Update: Extended unlimited gift tax liability constitutional and in accordance with EU law
According to a decision of the Supreme Tax Court the so called “extended unlimited gift tax liability” does not violate the constitutional principle of equality and the freedom of movement of capital under EU law. The German gift tax arises if the donor is a resident at the time the gift is made, or the acquirer is a resident at the time the tax arises. If this is the case, the tax is levied for the total amount of assets received, irrespective of whether these are of domestic or foreign origin.
German concept of “extended unlimited gift tax liability”
Pursuant to Sec. 2 (1) No. 1 of the Inheritance and Gift Tax Act (IGTA) a tax liability arises if the donor is a German resident at the time the gift is made or if the acquirer is a German resident at the time the tax arises; the obligation to pay gift tax is for the entire amount of assets received as gift.
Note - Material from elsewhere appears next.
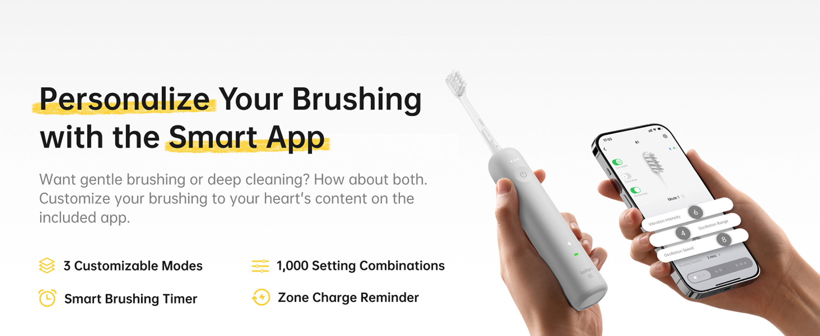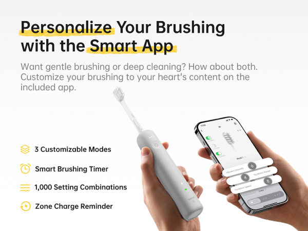 Die Laifen-App ermöglicht es Ihnen, Ihr Putzerlebnis mit über 1.000 möglichen Einstellungskombinationen zu personalisieren. Ein intelligenter Putztimer und eine Zonenwechsel-Erinnerung führen Sie zu einem strahlenden Lächeln.

German nationals who have not resided abroad permanently for more than five years without having had a domicile in Germany are considered as residents in the aforementioned sense (“extended unlimited tax liability”).
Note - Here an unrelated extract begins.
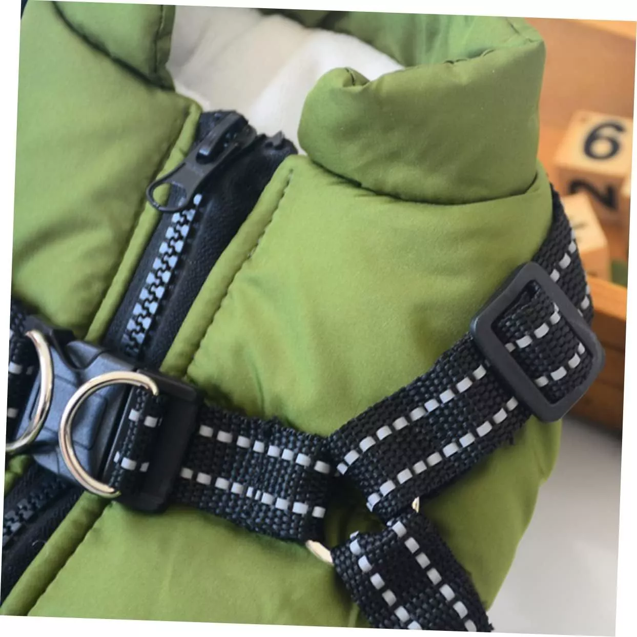 Built-in Harness Functionality: The jacket doubles as a harness, complete with reflective and adjustable features, making it easy to attach different leashes for hassle-free walks.
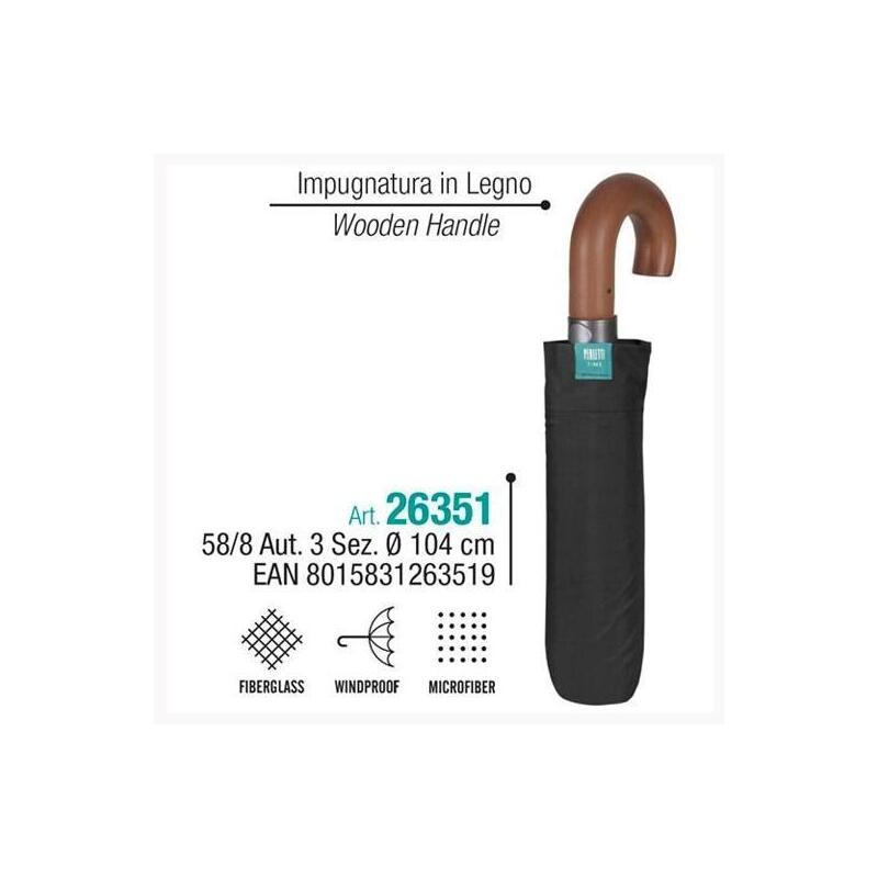 Perletti Paraguas Adulto 58/8 Aut.3 Sec. Negro Mango Madera

In December 2011 the plaintiff acquired a plot of land located in Switzerland from his mother by way of a publicly notarized contract in return for the creation of a lifetime right of use under Swiss law which fell short of the value of the land. The plaintiff and his mother, who were both German nationals, had given up their residences in the Federal Republic of Germany prior to the transfer and had moved to Switzerland in November 2011.
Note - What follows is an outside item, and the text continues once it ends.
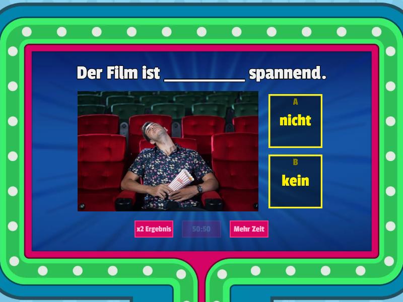 1) Der Film ist __________ spannend. a) nicht b) kein 2) Sie arbeitet am Wochenende __________. a) nicht b) kein 3) Das ist __________ das Auto von Lukas. Das ist mein Auto. a) nicht b) kein 4) Ich komme __________ aus Frankreich. a) nicht b) kein 5) Das ist __________ Lehrer. Das ist Student. a) nicht b) kein 6) Ich weiß es __________. a) nicht b) kein 7) Der Bus fährt __________ nach München. a) nicht b) kein

After the plaintiff's mother died in February 2013, the plaintiff, as her sole heir, notified the tax office of the acquisition of the property by way of a gift as part of the inheritance tax proceedings. The tax office assessed gift tax on the value of the property. The plaintiff claimed that this was in violation of both the German Constitutional Law and EU law. The lower tax court rejected the appeal.
Decision of the Supreme Tax Court (STC)
The STC agreed with the decision of the lower court and rejected the appeal as unfounded. Gifts are only subject to gift tax if the donor is a resident at the time the gift is made, or if the acquirer is a resident at the time the tax arises. If this is the case, the entire accrual of assets is subject to gift tax, irrespective of whether the assets are domestic or foreign assets.
No violation of fundamental constitutional rights
The involvement of German citizens residing abroad into the concept of unlimited tax liability is part of determining the taxable assets and thus the amount subject to tax. To achieve this the legislator is given a wide scope of discretion and flexibility in determining the amount subject to tax. In this respect, the specific provision of Section 2 (1) no. 1 sentence 2 (b) ITGA was found by the STC to be appropriate and not arbitrary.
The extended unlimited gift tax liability also does not suffer from a structural enforcement deficit and shortcomings in collecting the tax and thus it was held by the STC not to contravene the principle of equality as laid down in Article 3 (1) of the Basic Law.
No violation of EU principles
The STC pointed out that the legal situation has already been clarified by ECJ case law, and the court saw no need to obtain a preliminary ruling in this respect under Article 267 TFEU.
In the past the European Court of Justice (ECJ) has ruled that a Dutch regulation, under which the transfer of an estate of a national of a Member State who died within ten years of transferring his residence abroad is taxed as if that national had remained resident in the same Member State, does not constitute a restriction on the free movement of capital (ECJ, decision of 23 February 2006 C-513/03 van Hilten - van der Heijden; para. 45). In the judgment van Hilten - van der Heijden, the ECJ essentially relied on the fact that the Dutch law applicable at the time foresaw a wide-ranging option for a tax credit for foreign inheritance or gift tax paid. Such a credit option also exists in the present case.
Furthermore, and according to the case law of the ECJ, the Member States enjoy a certain autonomy in this area and are therefore not obliged to adapt their own tax systems to the different systems of tax of the other Member States in order, inter alia, to eliminate the double taxation arising from the exercise in parallel by those Member States of their fiscal sovereignty (ECJ, decision of 12 February 2009 C-67/08 Block; para. 31).
Finally, the disputed German regulation also does not contravene the Agreement for Free Movement of Persons between the EU and Switzerland. For that matter, it was neither submitted nor is it evident in the case of dispute that the move of the plaintiff or his mother to Switzerland was in connection with employment-related reasons. Although Art. 24 of Annex I also contains a provision for persons who are not in employment, it only deals with the right to a residence permit, which is not relevant for the question of the extended unlimited gift tax liability.
Update (20 October 2023)
In the meantime, a constitutional complaint has been filed against the ruling (pending under file no. 1 BvR 325/23 at the Constitutional Court).
Supreme Tax Court, decision of 12 October 2022 (II R 5/20), published on 12 January 2023.